AUGUSTA, Ga. (WJBF) Hospitalizations for COVID-19 are at some of the lowest levels seen in the CSRA in months. 18 patients were hospitalized at University Hospital Monday, while 26 were being treated at Augusta University Medical Center. However, there are new concerns about COVID-19 as a new variant, Omicron, spreads throughout the world.

“It’s doing what viruses do — mutating,” Dr. Rodger MacArthur, an infectious diseases physician at the Medical College of Georgia, explained. “It doesn’t mean that it’s going to mutate in a way that’s going to make it more deadly. We don’t know if the mutations will result in a virus that’s easier to spread. For the virus to take hold in any substantive way, it would have to be able to out-compete the Delta variant, which is what we have here predominantly in the United States and Georgia.”

Omicron has not been detected in the United States yet. Some worry the observed mutations may make the virus easier to spread and, perhaps, even more dangerous

“What we’re hearing, at least anecdotally out of South Africa, is that not as many people as they thought would be hospitalized are getting hospitalized. What they’re saying is this new variant may be less deadly than Delta and may result in less severe disease. But, these are very early reports coming out of South Africa.”

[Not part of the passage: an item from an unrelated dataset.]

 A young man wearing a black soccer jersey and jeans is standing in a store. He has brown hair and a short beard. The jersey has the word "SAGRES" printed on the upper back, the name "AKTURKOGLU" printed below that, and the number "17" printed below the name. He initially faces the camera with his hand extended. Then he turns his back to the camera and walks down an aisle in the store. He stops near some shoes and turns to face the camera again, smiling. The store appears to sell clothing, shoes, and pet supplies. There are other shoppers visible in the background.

Researchers will spend the next weeks learning more about Omicron and how current vaccines protect against it.

“There’s every reason to believe the current vaccines will have a lot of efficacy and protection against this new multi-mutated variant. We just don’t have this data yet.”

Pharmaceutical companies, including Pfizer and Moderna, are working on altering their vaccines to make them stronger against Omicron if needed.

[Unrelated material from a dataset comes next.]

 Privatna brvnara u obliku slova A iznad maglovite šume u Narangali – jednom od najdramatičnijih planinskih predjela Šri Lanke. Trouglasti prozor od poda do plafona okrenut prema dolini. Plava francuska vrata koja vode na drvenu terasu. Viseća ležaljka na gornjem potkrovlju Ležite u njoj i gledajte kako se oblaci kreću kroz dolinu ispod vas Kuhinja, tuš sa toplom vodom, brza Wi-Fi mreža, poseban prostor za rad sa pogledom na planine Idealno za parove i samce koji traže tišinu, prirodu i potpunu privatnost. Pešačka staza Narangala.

For now, MacArthur urges the public not to panic.

“If people are very concerned and if it makes them feel better, certainly wear a mask indoors, especially around crowds. It’s hard to do. It’s not fun to do, but masks do work. Maintain social distancing. If folks haven’t gotten vaccinated yet, now would be a great time to do it.”

MacArthur expects more data on Omicron to be released in the next month.